CPU times: user 15.5 s, sys: 1.48 s, total: 17 s
Wall time: 44.5 s


### Difference in NDVI between 1988 and 2017

The change in Walker Lake as viewed using the NDVI can be shown by subtracting the NDVI recorded in 1988 from the NDVI recorded in 2017:

In [15]:
diff = hmap['1988'].data - hmap['2017'].data
difference = gv.Image(diff, crs=crs, kdims=['lon', 'lat'], vdims=['ndvi'])
difference = difference.relabel('Difference in NDVI').redim(ndvi='delta_ndvi')

In [16]:
%%time
display(rasterize(difference).redim.range(delta_ndvi=(-1.0,1.0)).opts(cmap=coolwarm))

CPU times: user 1.87 s, sys: 105 ms, total: 1.98 s
Wall time: 3.63 s


You can see a large change (positive delta) in the areas where there is water, indicating a reduction in the size of the lake over this time period.

## Slicing across `lon` and `lat`

As a final example, we can use the `sample` method to slice across the difference in NDVI along (roughly) the midpoint of the latitude and the midpoint of the longitude.
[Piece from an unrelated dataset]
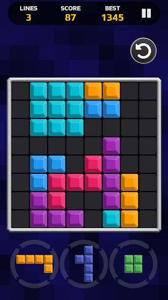 Place shapes in order to create and clear full lines on the screen both vertically and horizontally, get points and unlock achievements. The game continues until you can make moves, so don't forget to keep free space for new shapes.
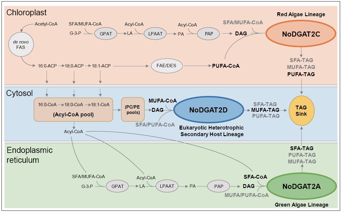 單細(xì)胞中心等前期發(fā)現(xiàn),在海洋微擬球藻基因組中編碼有多達(dá)11個(gè)II型二酰甘油?;D(zhuǎn)移酶編碼基因(DGAT2),它們催化甘油三酯合成中的最后一步也是關(guān)鍵一步。動(dòng)物和高等植物中常常只有1-2個(gè)DGAT2,為何海洋微擬球藻具有超出已知所有物種的DGAT2家庭成員數(shù)目呢?為了解答上述問(wèn)題,研究人員通過(guò)在酵母中的表達(dá)與功能分析、在體外的酶活鑒定、進(jìn)而在微擬球藻中的過(guò)表達(dá)與基因敲低等層層深入的實(shí)驗(yàn)策略,發(fā)現(xiàn)其中DGAT2A、DGAT2D與DGAT2C 具有TAG合成酶活性,而且這三個(gè)DGAT2家庭成員分別偏好飽和、單不飽和和多不飽和的脂酰CoA底物?;诖?,研究人員提出了比前期工作(Li, et al, Plant Cell, 2014)深入了一大步的油脂合成機(jī)制模型,認(rèn)為其中分別來(lái)自于三個(gè)不同祖先的DGAT2A、DGAT2D與DGAT2C,在長(zhǎng)期的共進(jìn)化過(guò)程中,形成了迥異卻互補(bǔ)的底物偏好性,而且在TAG合成的流水線上進(jìn)行著精妙的功能分工與時(shí)空協(xié)作(圖一)。

To do this, we define the following helper function to convert latitude/longitude into the appropriate coordinate value used by the `DataSet`:

In [17]:
def from_lon_lat(x,y):
    return crs.transform_point(x,y, ccrs.PlateCarree())

lon_y, lat_x = from_lon_lat(-118, 39)  # Longitude of -118 and Latitude of 39

In [18]:
%%time
display((difference.sample(lat=lat_x) + difference.sample(lon=lon_y)).cols(1))

CPU times: user 374 ms, sys: 12.5 ms, total: 386 ms
Wall time: 479 ms